The commands are as follows.

cd memory-and-anticipation-transformer
# Training from scratch
python tools/train_net.py --config_file $PATH_TO_CONFIG_FILE --gpu $CUDA_VISIBLE_DEVICES
# Finetuning from a pretrained model
python tools/train_net.py --config_file $PATH_TO_CONFIG_FILE --gpu $CUDA_VISIBLE_DEVICES \
    MODEL.CHECKPOINT $PATH_TO_CHECKPOINT

Online Inference

There are two kinds of evaluation methods in our code.
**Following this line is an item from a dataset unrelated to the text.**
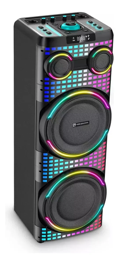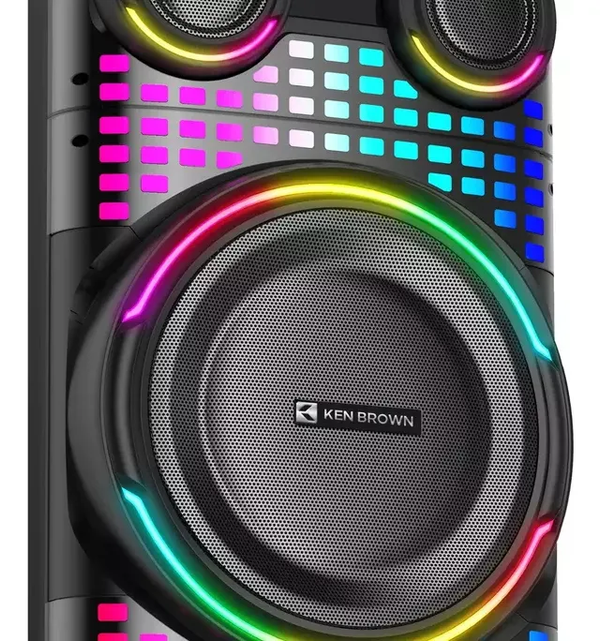 🔊 PARLANTE KEN BROWN – MONSTER12 • Bafle Potenciado • Gabinete acústico 4 vías • Party Mixer • Autoamplificado doble woofer 12” • Bajos Extremos • 40.000W PMPO • Luces LED • Conectividad Bluetooth 5.0 📲 • Peso: 15,6 Kg • COMPACT HIGH POWER AUDIO SYSTEM WITH FULL LED SCREEN • Rango Frecuencial: 50Hz – 20KHz • Potencia RMS: 150W • Conexión micrófono x2 🎤 • EXTRA MEGA BASS • Sensibilidad: 40dB • Dimensiones: 37 x 109 x 37 cm (an x al x pr)

First, you can use the config SOLVER.PHASES "['train', 'test']" during training. This process devides each test video into non-overlapping samples, and makes prediction on the all the frames in the short-term memory as if they were the latest frame. Note that this evaluation result is not the final performance, since (1) for most of the frames, their short-term memory is not fully utlized and (2) for simplicity, samples in the boundaries are mostly ignored.
```
cd memory-and-anticipation-transformer
# Inference along with training
python tools/train_net.py --config_file $PATH_TO_CONFIG_FILE --gpu $CUDA_VISIBLE_DEVICES \
    SOLVER.PHASES "['train', 'test']"
```
Second, you could run the online inference in batch mode. This process evaluates all video frames by considering each of them as the latest frame and filling the long- and short-term memories by tracing back in time. Note that this evaluation result matches the numbers reported in the paper. On the other hand, this mode can run faster when you use a large batch size, and we recomand to use it for performance benchmarking.
```
cd memory-and-anticipation-transformer
# Online inference in batch mode
python tools/test_net.py --config_file $PATH_TO_CONFIG_FILE --gpu $CUDA_VISIBLE_DEVICES \
    MODEL.CHECKPOINT $PATH_TO_CHECKPOINT MODEL.LSTR.INFERENCE_MODE batch
```

Main Results and checkpoints

THUMOS14

method	feature	mAP (%)	config	checkpoint
MAT	Anet v1.3	70.5	yaml	Download
MAT	Kinetics	71.6	yaml	Download

EK100

method	feature	verb (overall)	noun (overall)	action (overall)	config	checkpoint
MAT	RGB+FLOW	35.0	38.8	19.5	yaml	Download

Citations

If you are using the data/code/model provided here in a publication, please cite our paper:

@inproceedings{wang2023memory,
               title={Memory-and-Anticipation Transformer for Online Action Understanding},
               author={Wang, Jiahao and Chen, Guo and Huang, Yifei and Wang, Limin and Lu, Tong},
               booktitle={Proceedings of the IEEE/CVF International Conference on Computer Vision},
               pages={13824--13835},
               year={2023}
}

License

This project is licensed under the Apache-2.0 License.

Acknowledgements

This codebase is built upon LSTR.

The code snippet for evaluation on EK100 is borrowed from TeSTra.

Also, thanks to Mingze Xu and Yue Zhao for assistance to reproduce the feature.